What is a subluxation?

Chiropractic was founded by Daniel David Palmer in the United States in 1895. DD Palmer, as he is more commonly known, was a grocer and magnetic healer who had a deep interest in spiritualism and had come to believe, erroneously, that most diseases were the result of ‘nerve interference’ caused by misaligned vertebrae (‘subluxations’ — as defined by chiropractors). He also mistakenly believed that health could be restored and maintained by the administration of spinal ‘adjustments’ to correct these misalignments. He hypothesised that such adjustments would help a patient to achieve optimal health or ‘wellness’ by allowing the spinal cord to express its ‘Innate Intelligence’ (a metaphysical, non-measurable entity, sometimes known as the ‘vital force’).

However, this particular vitalistic philosophy, which is exclusive to chiropractic, has never stood up to scientific scrutiny.
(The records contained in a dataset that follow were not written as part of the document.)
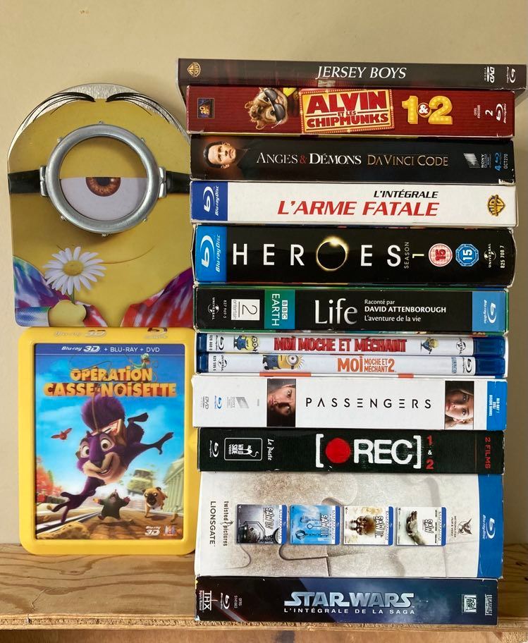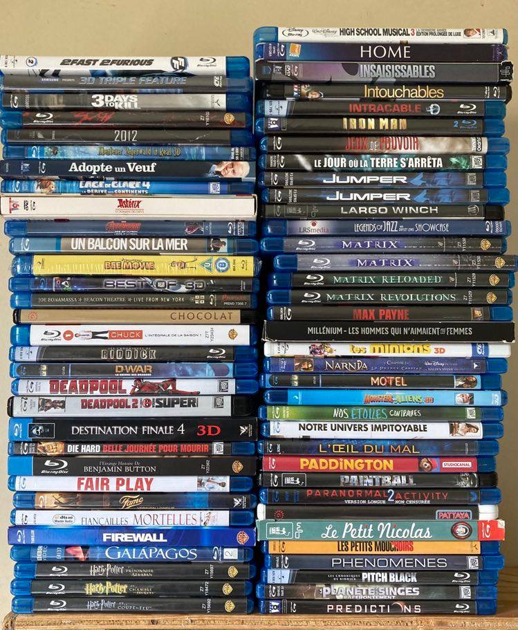 131 Blu ray d'occasion. Certains proviennent d'un Vidéo-club et ont une étiquette collé autour du cercle ( voir photo ).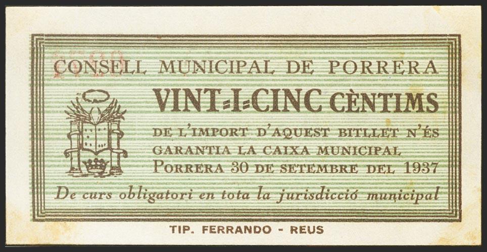 PORRERA (TARRAGONA). 25 cents. September 30, 1937. (González: 9402). Rare. Good Extremely Fine.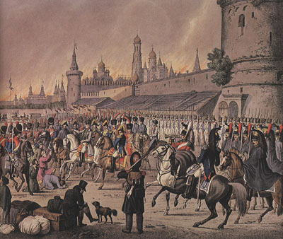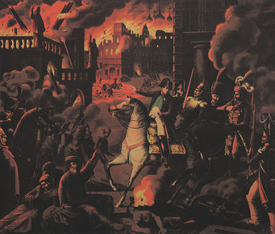 «Вот башни полудикие говорил впоследствии английский поэт, обращаясь к тени завоевателя. Всего девяносто километров отделяют Москву от Бородинского поля — целая неделя прошла между кровавым днем 7 сентября 1812 года и тем моментом, когда 14 сентября кавалерия Мюрата вступила на окраину Арбата. Однако уже в Бородинском сражении невидимо, но могущественно участвовал великий город. Москва участвовала теми чувствами тайного гнева, патриотической обиды, жажды справедливого отмщения, которые переполняли сердца бойцов и которые дали в эти грозные часы русскому народу полную нравственную победу над Наполеоном. Близкая угроза Москве воодушевляла этими чувствами русских героев, погибавших на Багратионовых флешах, на батарее Раевского, у Колоцкого монастыря. Не «суеверие», о котором твердили Наполеону придворные льстецы, повторявшие этот пренебрежительный отзыв своего повелителя, но могучее народное чувство любви к родине, олицетворяемой в эти часы Москвой, — вот что сделало Бородино самым страшным из всех бесчисленных битв кровавой наполеоновской эпопеи, по отзывам старого императора. Ведь Пушкин и дает объяснение, почему Наполеон «не предузнал» «великодушного пожара»: «Как сердца русских не постигнул ты с высоты отважных дум?» — вопрошал наш поэт Наполеона. Только когда уже бушевал зажженный со всех четырех концов великий город, Наполеон, судя по вырвавшимся у него замечаниям о «решимости» людей, сжигающих свою столицу, понял, что эти «скифы», эти «варвары» одушевлены кое-какими другими чувствами, посильнее всякого «суеверия». От начала до конца своего пребывания в Москве, от Дорогомиловской заставы, где он ждал 14 сентября каких-то несуществующих «бояр» с ключами от Кремля, и до той минуты 19 октября, когда он воскликнул: «В Калугу! И горе тому, кто станет на моем пути!» — Наполеон переходил от нетерпеливого и тщетного ожидания ответа Александра на его мирные предложения к поискам выхода из катастрофического положения, в которое поставил его пожар Москвы. Этот пожар имел для агрессора и его армии роковые последствия не только в смысле уничтожения запасов, но и в моральном отношении. Случилось именно то, чего так желал избежать Наполеон, усиленно и многократно настаивая (уже в дни похода), что он, мол, ведет войну вовсе не затем, чтобы покуситься на территорию и достоинство России, а только затем, чтобы разрешить некоторые разногласия и дипломатические недоразумения. Пожар Москвы, подмосковная партизанщина, абсолютное отсутствие даже со стороны кучки нищего, оборванного люда, оставшегося в Москве, каких-либо признаков желания сблизиться с неприятелем — все это ясно говорило завоевателю, что эта война становится для России войной народной в самом полном, в самом беспощадном значении этого слова. Так оно и оказалось, и в несравненно больших размерах, чем это представлялось Наполеону. Истинный представитель русского народа в 1812 году, Кутузов и умом своим и своим безошибочным национальным инстинктом понял, что Москва погубит, а не спасет Наполеона. Царь и придворные не понимали этого и всячески порочили старого вождя. И поразительна также ни на минуту не пошатнувшаяся уверенность народной массы в тылу и солдат в армии, что пожертвование Москвой, как оно ни болезненно, совершенно необходимо. Всенародная популярность Кутузова н
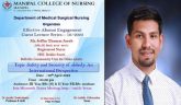 Mr Anil Raj A, Assistant Professor, Department of Medical-Surgical Nursing, MCON introduced the speaker and Ms Janet Alva, Assistant Professor, Department of Medical-Surgical Nursing, MCON expressed gratitude to Mr Jeffin Thomas Jacob for accepting the invite and sharing his expertise on the subject with the students. The interesting, inspiring and elaborate session ended at 03:15 pm.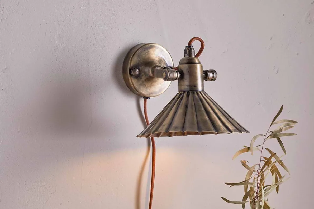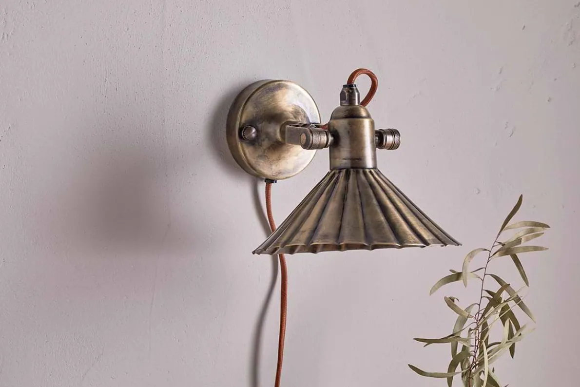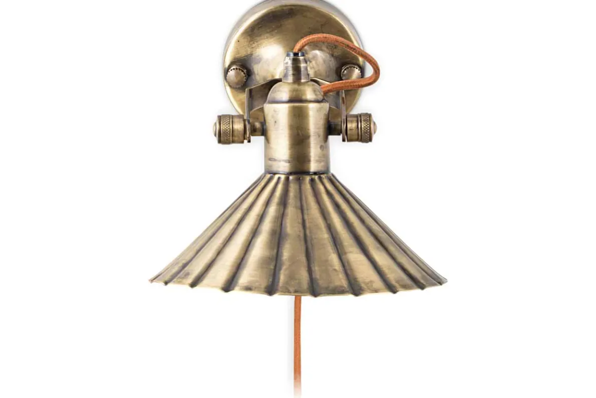 The eye-catching Moti Wall Lamp adds an attractive finishing touch to a bedside setting or makes the perfect directional light in a reading nook, or anywhere where directional light is required. The solid brass, handmade metal work has been etched for texture and interest, creating a truly unique piece. It is perfect for creating an easy decor update as the plug-in feature means no electrician is required to get it up and running.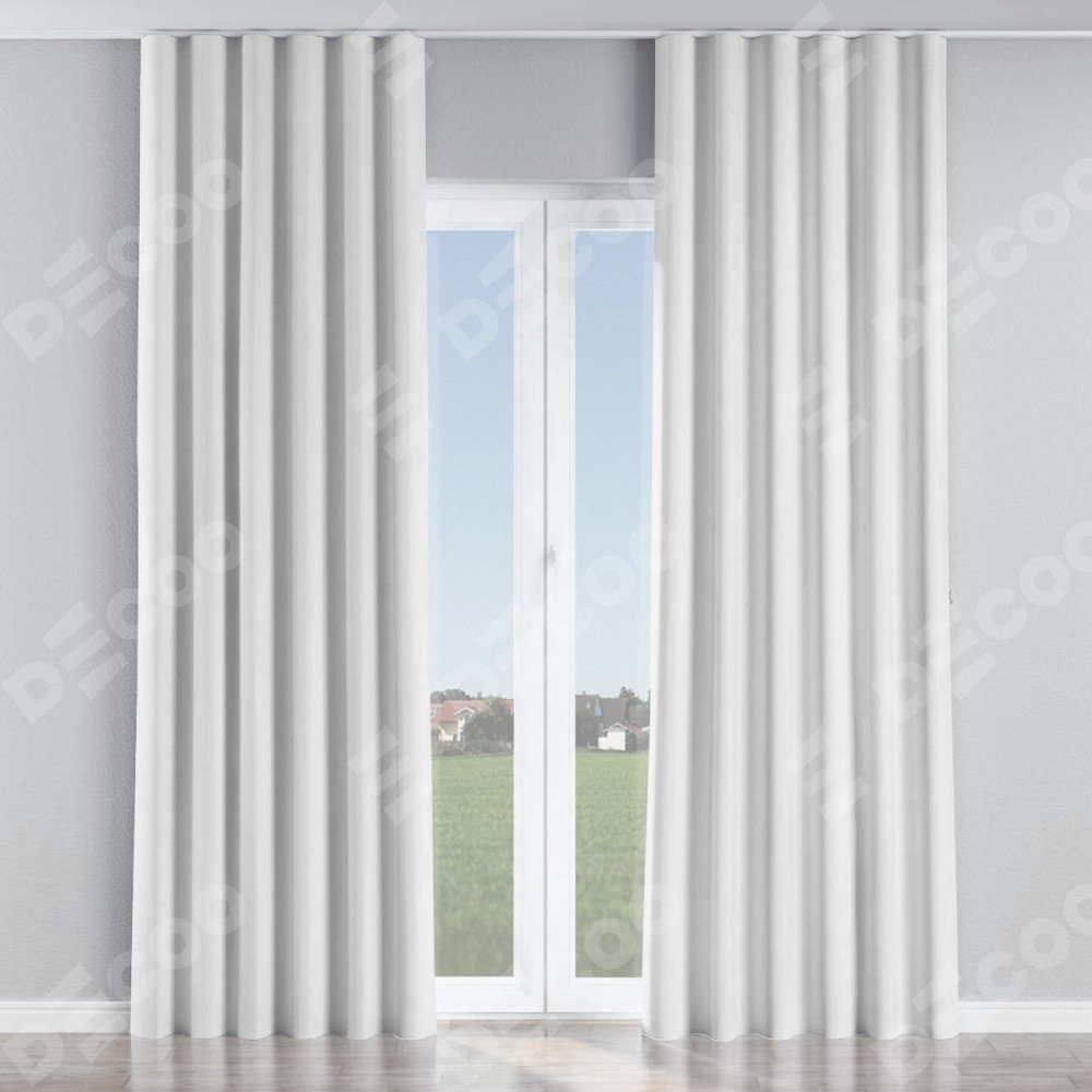 Комплект прямых штор, от производителя «Cortin», пошиты из ткани вайтаут однотонная белая, артикул ткани 93935. С изнаночной стороны в верхней части штор пристрачивается шторная лента с декоративными складками «Волна». Для создания элегантных складок рекомендуемый коэффициент 1:2 (на 100 см. ширины проёма 200 см. ширины ткани). Важно! Ширина штор указана без учёта коэффициента сборки!

It has been shown to be anatomically impossible for misaligned vertebrae to interfere with the autonomic (involuntary) nervous system and no one has ever been able to demonstrate that subluxations exist or cause disease by theoretically compromising neural integrity. A recent study by three chiropractors and a PhD concluded:

There is a significant lack of evidence in the literature to fulfill Hill’s criteria of causation as regards chiropractic subluxation. No supportive evidence is found for the chiropractic subluxation being associated with any disease process or of creating suboptimal health conditions requiring intervention. Regardless of popular appeal this leaves the subluxation construct in the realm of unsupported speculation. This lack of supportive evidence suggests the subluxation construct has no valid clinical applicability.

Today, the vast majority of chiropractors are still in the business of detecting such imaginary ‘subluxations’, frequently with x-rays. This is known as traditional chiropractic practice as opposed to a much rarer and more rational form of chiropractic that limits itself to providing scientific manual therapy, including evidence-based spinal manipulation.

It is very important to understand that spinal manipulation therapy is a technique that some chiropractors have adopted, because often chiropractors seem to confuse the two approaches, perhaps to give their practices an air of legitimacy, although many others will admit outright that traditional subluxation-based chiropractic beliefs are central to their interventions.